You've hit on a bit of a weird one here, as the series in question technically had six stars, and these three only came later.

"The Name of the Game" was an NBC drama that premiered in 1968 and followed the goings on at the fictitious Howard Publications company. The first two seasons had three different stars -- Gene Barry, Robert Stack and Anthony Franciosa. Each episode would feature one of them; only occasionally would two appear together, and all three never shared the screen.

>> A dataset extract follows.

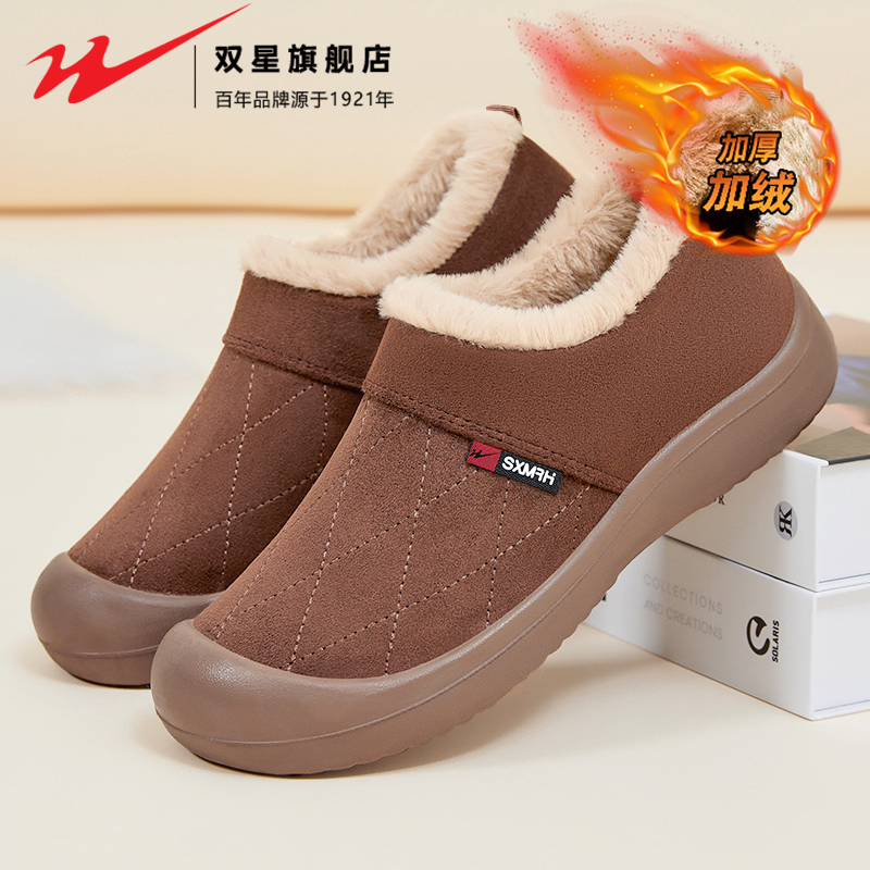 天猫双星老北京布鞋女冬季加绒保暖棉鞋中老年一脚蹬妈妈软底健步棉靴

It was a clever device that allowed the show to cover a lot of ground. Barry played the company's publisher, Glenn Howard, and his episodes focused on his glitzy, high-class life. Stack played the editor of the company's Crime magazine who was waging a war in print against organized crime, while Franciosa was a crusading investigative reporter for another magazine, People (this was before the launch of the real-world People magazine).

But as strange as that setup was, it would get stranger in the third season, when Franciosa left (most reports say fired). His spot in the rotation was filled by three more actors -- Peter Falk, Robert Culp and Robert Wagner -- who would also appear in a rotation.

This setup apparently didn't work out so well as the show was cancelled the following spring.

This must have left Franciosa feeling vindicated, and more than a little smug. After all, the whole series was based on the 1966 telefilm "Fame is the Name of the Game," which starred only Franciosa as his investigative journalist character.